What I meant is being able to instruct DatabaseEntry to create (or use) an array of length specified and use partial interface when returning key contents to the caller of getSearchKey, getSearchKeyRange, etc methods. I will reuse DatabaseEntry object (one per thread) instead of byte array then.
However, I see that "since the entire record is always read or written to the database, and the entire record is cached" (per doc) - then probably there is a need to create new byte array to be put in cache?
In our tests we have not found short lived objects to be a cause of GC problems, so this sort of thing is not currently on our TODO list. Are you certain this is the cause of the GC problems you're seeing? We only see serious GC problems due to long lived objects.
Oh no! It is not _the_problem_, thats why I called it 'feature'. There are many systems working together and 95-99% of allocations and garbage collections according to profiler are those buffers and there is a room for improvement. That could lead to memory fragmentation on long runs (just yesterday I've restarted an instance of java with 72 days uptime) because all of those buffers have different sizes (good thing that my keys are all short).
If you are busy with bugs and more important things - then sure it should not be on your list. This feature would help performance claim, anyway - Java File API and others allow you to reuse buffers straight away, and it is just a little strange that performance oriented BDB JE low-level API of it do not byte buffer reuse. People who don't care about this things are likely not to know what embedded DB is and are using JDBC/Mysql something 8-) Kidding.
Sorry.
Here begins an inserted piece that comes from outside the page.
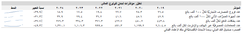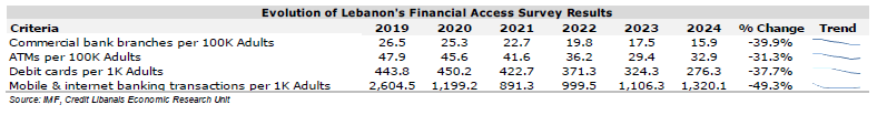 يُبيّن الجدول أدناه التأثير السلبي للأزمة الماليّة التي عصفت بالبلاد على القطاع المصرفي اللبناني، حيث إنخفض عدد فروع المصارف التجاريّة وأجهزة الصرّاف الآلي لكل 100 ألف بالغ بنسب تقارب ال40% وال31% منذ بداية الأزمة، ليصل إلى 15.9 و32.9 على التوالي، مقارنةً بـ 26.5 و47.9 قبل الأزمة. بالتفاصيل فقد إضطرّت المصارف إلى تقليص شبكة فروعها وعدد أجهزة الصرّاف الآلي لخفض نفقات الإيجار ونفقات التشغيل، إلّا أنّ الأثر على شبكة أجهزة الصرّاف الآلي كان أقلّ وطأةً نظراً لإنخفاض كلفتها مقارنةً بكلفة الفروع. وفي موازاة ذلك، بدأت المصارف في التحوّل إلى تقديم خدمات مصرفية إلكترونية أقلّ كلفةً وأسهل إستخداماً، مما يُفسّر الارتفاع المضطرد (32.1%) في معاملات الخدمات المصرفيّة عبر الهاتف المحمول والإنترنت لكل ألف بالغ بين عاميّ 2022 و2024، ليصل إلى حوالي 1،320 معاملة.

And thanks for great work anyway!
However, "private final DatabaseEntry key = new DatabaseEntry(32768);
private final DatabaseEntry value = new DatabaseEntry(32768);
That will pre-allocate buffer, reuse it for reads and require me to use getPartialXXX methods.
That will fail or read first bytes (whatever) when buffer is too small to accommodate the data." would be very nice 8-)
...Or have derived DatabaseEntryReusable class with the only overridden method 'allocate(x)' that will check capacity and configure 'partialLength' instead of actual allocation.
It's interesting that the key/data byte arrays returned by JE are the dominant GC waste in your app. Is the entire data set resident in the JE cache? If so, I can understand why these allocations stand out.
So far we've been most concerned with GC waste due to JE eviction -- when the data set does not fix in cache -- because these are long lived objects.
The dataset is not in the cache. On production server the size of environment is 60G (on testing it was 21G) the java memory is 8G (on testing is was 4G) and JE cache size is 50% memory through config.setCachePercent() method. Cache is shared, however in that case there is just one environment.
Objects and primitive values are created by 4-16 worker threads based on data in that dataset. Objects are also cached, but more than half of read operations is randomly distributed along dataset and accessed once in a longer-than-cached while.
Objects that are created do have different types and different lifespans. But byte buffer arrays allocated by JE read operations (get and range (cursor.next/prev)) are always not needed right after it was compared and /likely/ used to create an object by the worker thread straight away, in the same loop where JE read happens.
Number of byte array allocations is even bigger (sometimes comparisons get conditions when they need to skip a row or may find given object created elsewhere (like: reference to another object)) than a sum of all objects and primitives created during data access. Also byte arrays are same type and grouped like one class in the profiler report. That's why java profiler was showing it to me as the only visible issue with allocations/memory_utilization/gc that is by far greater than others. I am not sure that I do experience (or can measure and detect) any problems because of it, apart from profiler reports. And, anyway, testing and profiling is never anything like I experience in production ever 8-)